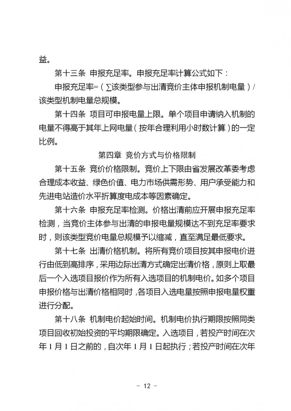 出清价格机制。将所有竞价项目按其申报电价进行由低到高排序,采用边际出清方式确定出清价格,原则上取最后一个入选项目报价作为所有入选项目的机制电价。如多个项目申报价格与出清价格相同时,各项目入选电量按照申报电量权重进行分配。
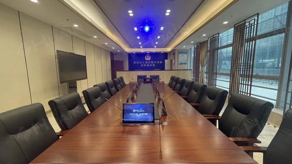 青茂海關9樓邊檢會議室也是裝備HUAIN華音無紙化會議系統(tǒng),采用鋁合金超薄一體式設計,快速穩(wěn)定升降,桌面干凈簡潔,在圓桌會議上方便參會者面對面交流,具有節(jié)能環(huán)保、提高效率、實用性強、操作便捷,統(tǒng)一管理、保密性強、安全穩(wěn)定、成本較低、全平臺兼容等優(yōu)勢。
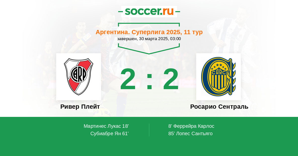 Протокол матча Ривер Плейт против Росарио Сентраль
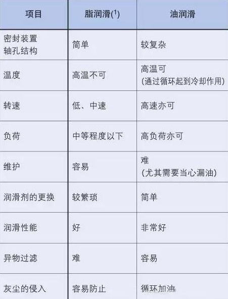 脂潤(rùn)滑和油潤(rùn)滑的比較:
::::
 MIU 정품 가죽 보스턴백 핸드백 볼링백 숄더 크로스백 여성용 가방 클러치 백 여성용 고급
::::
- **What you need to do**
In the listing above, find the line containing "出清价格机制。将所有竞价项目". Output it and every line after it up to and including the line containing "青茂海關9樓邊檢會議室也是裝", exactly, but skip the pictures.

- **Written reply**
 出清价格机制。将所有竞价项目按其申报电价进行由低到高排序,采用边际出清方式确定出清价格,原则上取最后一个入选项目报价作为所有入选项目的机制电价。如多个项目申报价格与出清价格相同时,各项目入选电量按照申报电量权重进行分配。
 青茂海關9樓邊檢會議室也是裝備HUAIN華音無紙化會議系統(tǒng),采用鋁合金超薄一體式設計,快速穩(wěn)定升降,桌面干凈簡潔,在圓桌會議上方便參會者面對面交流,具有節(jié)能環(huán)保、提高效率、實用性強、操作便捷,統(tǒng)一管理、保密性強、安全穩(wěn)定、成本較低、全平臺兼容等優(yōu)勢。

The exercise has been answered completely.